**DESCRIPTION OF THE TASK**
Restate each entry exactly, without pictures.

____

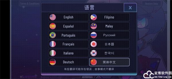 1、打开游戏,右下角可以更换语言,这也是小编带来版本的亮点;
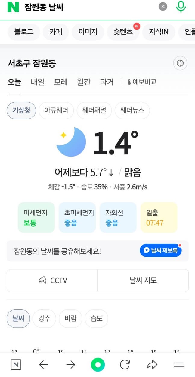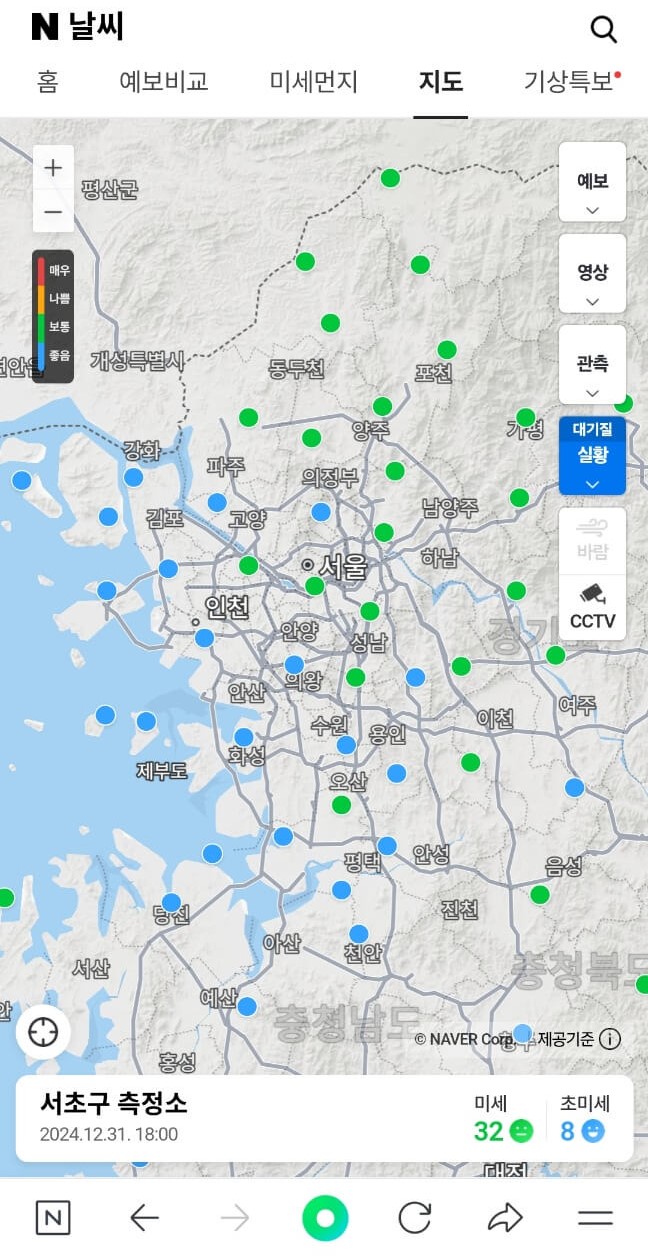 마지막으로 네이버 포털사이트를 이용하는 방법입니다. 가장 많이 알려져있고, 네이버 어플은 대부분 사용하시기 때문에 간편하게 이용해볼 수 있습니다. 네이버 포털이나 어플을 열고 검색창에 [지역명 + 날씨] 라고 입력해주시면 기본적인 날씨 정보는 알 수 있습니다. 그렇지만 가장 큰 장점은 지역별 대기질 정보와 실시간 교통 CCTV 정보를 확일할 수 있다는 건데요. 전체 지역의 미세먼지 농도를 확인할 수 있고, 주요 도로별 실시간 교통 정보도 할 수 있으니 활용해보시기 바랍니다.
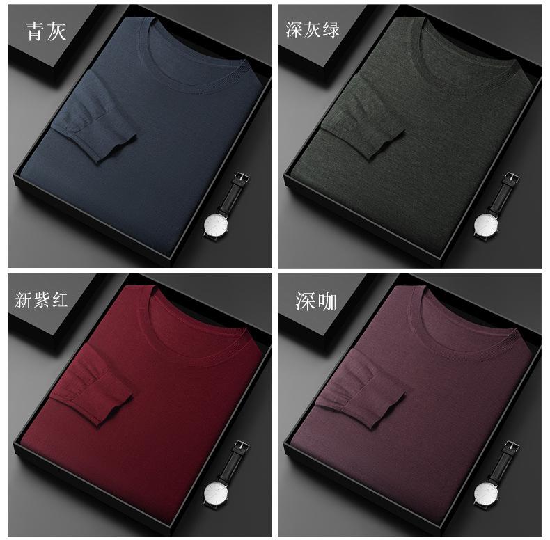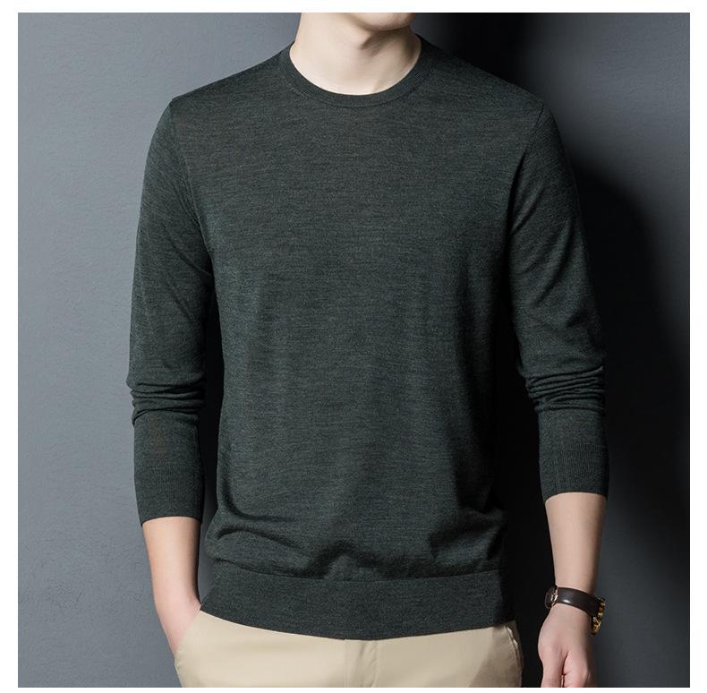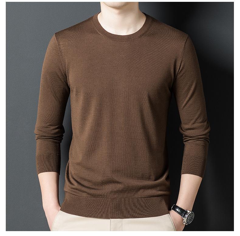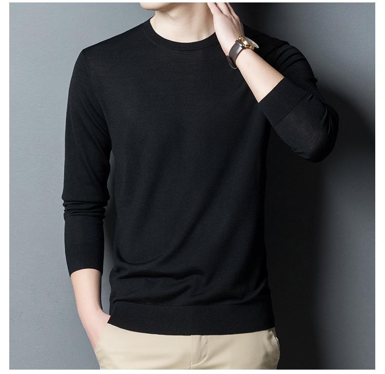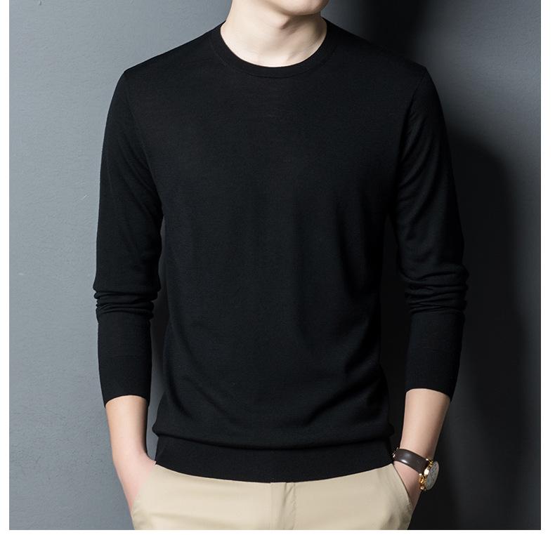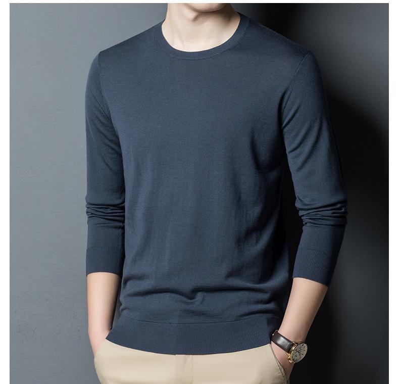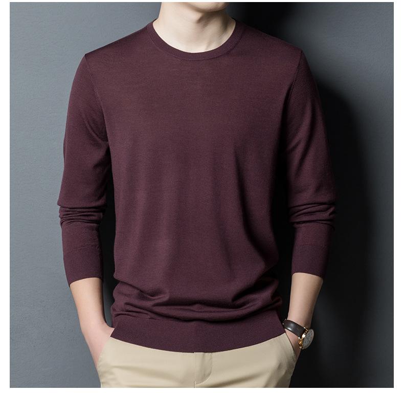 Suéter de otoño e invierno para hombre, jersey de cuello redondo de lana pura de 60 peinadas, camisa de fondo fino para hombre, en stock, al por mayor
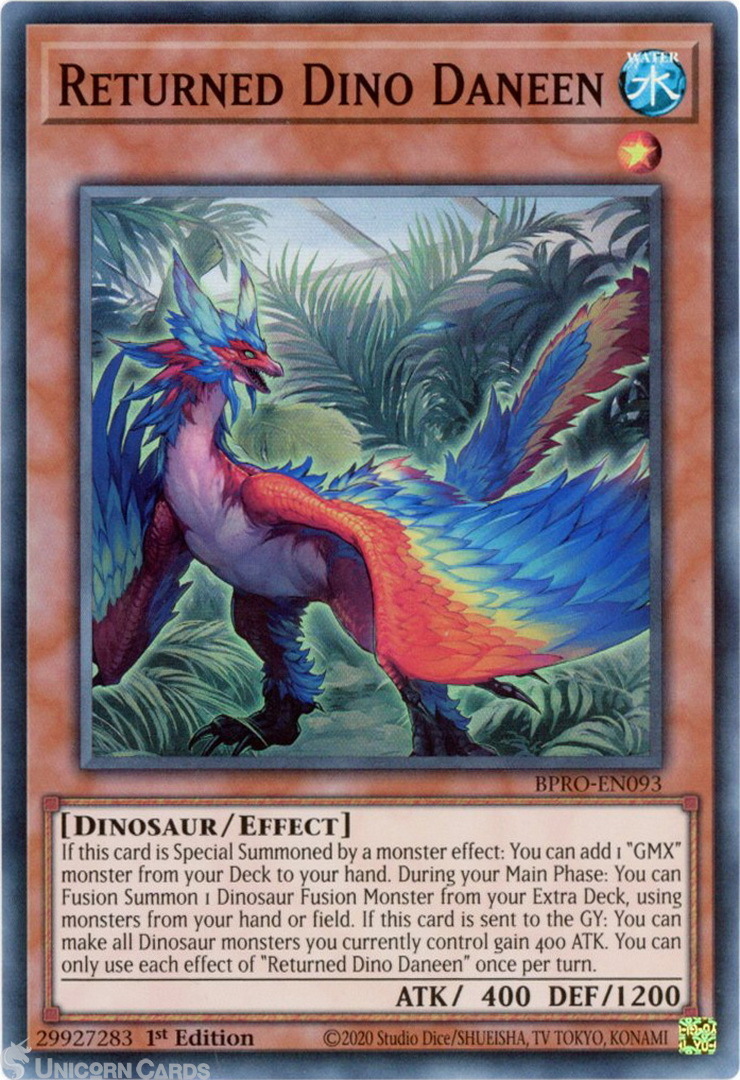 - BPRO-EN093 Returned Dino Daneen : Super Rare 1st Edition Mint YuGiOh Card
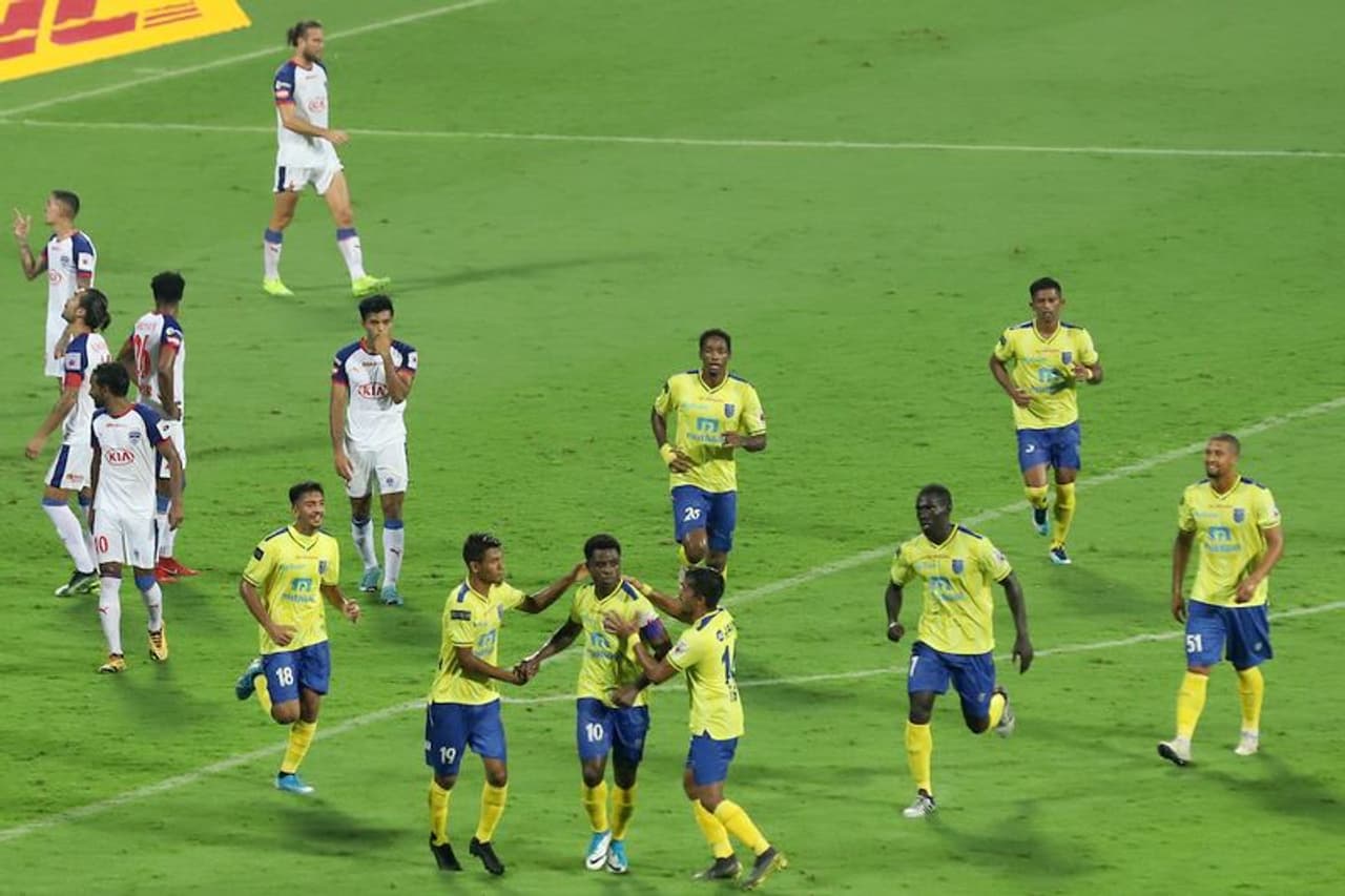 പതിനാറാം മിനിറ്റില് ഡേഷോം ബ്രൗണിന്റെ ഗോളില് ബംഗലൂരു മുന്നിലെത്തിയപ്പോള് പതിവ് തിരക്കഥ ആവര്ത്തിക്കുമെന്ന് കരുതിതയാണ്. എന്നാല് ആദ്യപകുതി തീരാന് മിനിറ്റുകള് മാത്രം ബാക്കിയിരിക്കെ ഒഗ്ബെച്ചെ ബ്ലാസ്റ്റേഴ്സിന്റെ സമനില സമ്മാനിച്ചു.
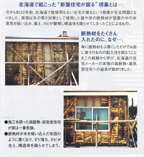 壁を剥がした瞬間、そこにあったのは、あるはずの断熱材が湿気で無残にずり落ち、「壁の中で消えていた」姿。 「こんな家を造っていては、お客様の一生を裏切ることになる。」 あの時の悔しさと、二度とこんな思いをさせてはいけないという情熱と、数値で証明できる本物の家を造らなければ」と誓ったあの日から、私たちの挑戦は始まりました。現在の高断熱・高耐震へのこだわり(FPの家・KDの家)の原点となりました。
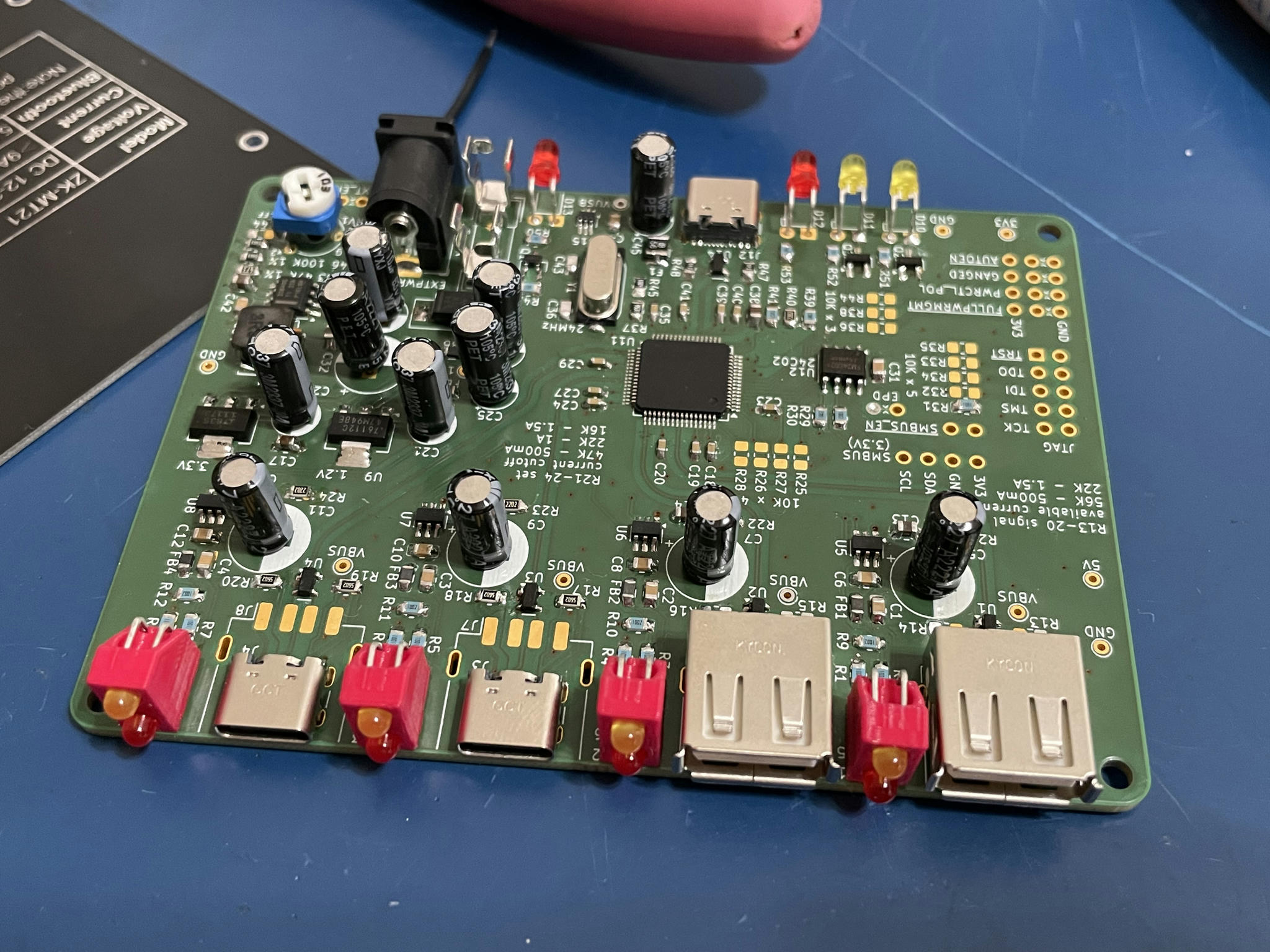This project was both a practical solution for me – I wanted a powered USB hub that wasn't a commoditized piece of garbage – and an opportunity to learn more advanced PCB design. This is my first four-layer board with impedance-controlled differential traces.
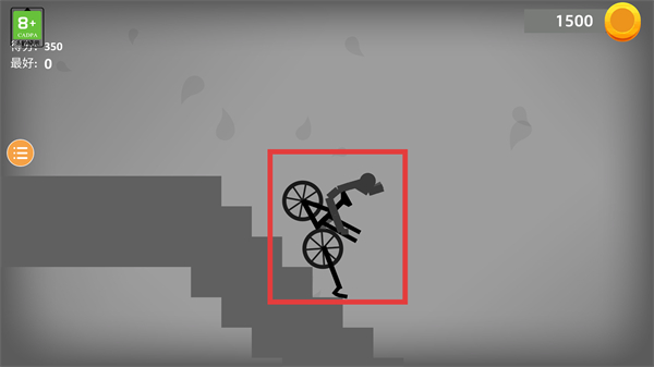 3、火柴人騎行至樓梯區域,紅框內顯示其摔倒動作,此時【得分-350】,持續積累游戲內的分數。
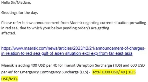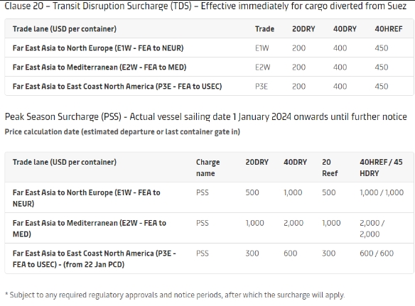 在1月5日(rì)的聲明中,馬士基還(hái)表示,此前宣布的紅(hóng)海/亞丁灣地區受幹擾船(chuán)舶上所有貨物的過境中斷附加費(TDS)、旺季附加費(PSS)和緊急應急附加費(ECS)仍然有效。

____

**ANSWER TO THE PROBLEM**
 1、打开游戏,右下角可以更换语言,这也是小编带来版本的亮点;
 마지막으로 네이버 포털사이트를 이용하는 방법입니다. 가장 많이 알려져있고, 네이버 어플은 대부분 사용하시기 때문에 간편하게 이용해볼 수 있습니다. 네이버 포털이나 어플을 열고 검색창에 [지역명 + 날씨] 라고 입력해주시면 기본적인 날씨 정보는 알 수 있습니다. 그렇지만 가장 큰 장점은 지역별 대기질 정보와 실시간 교통 CCTV 정보를 확일할 수 있다는 건데요. 전체 지역의 미세먼지 농도를 확인할 수 있고, 주요 도로별 실시간 교통 정보도 할 수 있으니 활용해보시기 바랍니다.
 Suéter de otoño e invierno para hombre, jersey de cuello redondo de lana pura de 60 peinadas, camisa de fondo fino para hombre, en stock, al por mayor
 - BPRO-EN093 Returned Dino Daneen : Super Rare 1st Edition Mint YuGiOh Card
 പതിനാറാം മിനിറ്റില് ഡേഷോം ബ്രൗണിന്റെ ഗോളില് ബംഗലൂരു മുന്നിലെത്തിയപ്പോള് പതിവ് തിരക്കഥ ആവര്ത്തിക്കുമെന്ന് കരുതിതയാണ്. എന്നാല് ആദ്യപകുതി തീരാന് മിനിറ്റുകള് മാത്രം ബാക്കിയിരിക്കെ ഒഗ്ബെച്ചെ ബ്ലാസ്റ്റേഴ്സിന്റെ സമനില സമ്മാനിച്ചു.
 壁を剥がした瞬間、そこにあったのは、あるはずの断熱材が湿気で無残にずり落ち、「壁の中で消えていた」姿。 「こんな家を造っていては、お客様の一生を裏切ることになる。」 あの時の悔しさと、二度とこんな思いをさせてはいけないという情熱と、数値で証明できる本物の家を造らなければ」と誓ったあの日から、私たちの挑戦は始まりました。現在の高断熱・高耐震へのこだわり(FPの家・KDの家)の原点となりました。
This project was both a practical solution for me – I wanted a powered USB hub that wasn't a commoditized piece of garbage – and an opportunity to learn more advanced PCB design. This is my first four-layer board with impedance-controlled differential traces.
 3、火柴人騎行至樓梯區域,紅框內顯示其摔倒動作,此時【得分-350】,持續積累游戲內的分數。
 在1月5日(rì)的聲明中,馬士基還(hái)表示,此前宣布的紅(hóng)海/亞丁灣地區受幹擾船(chuán)舶上所有貨物的過境中斷附加費(TDS)、旺季附加費(PSS)和緊急應急附加費(ECS)仍然有效。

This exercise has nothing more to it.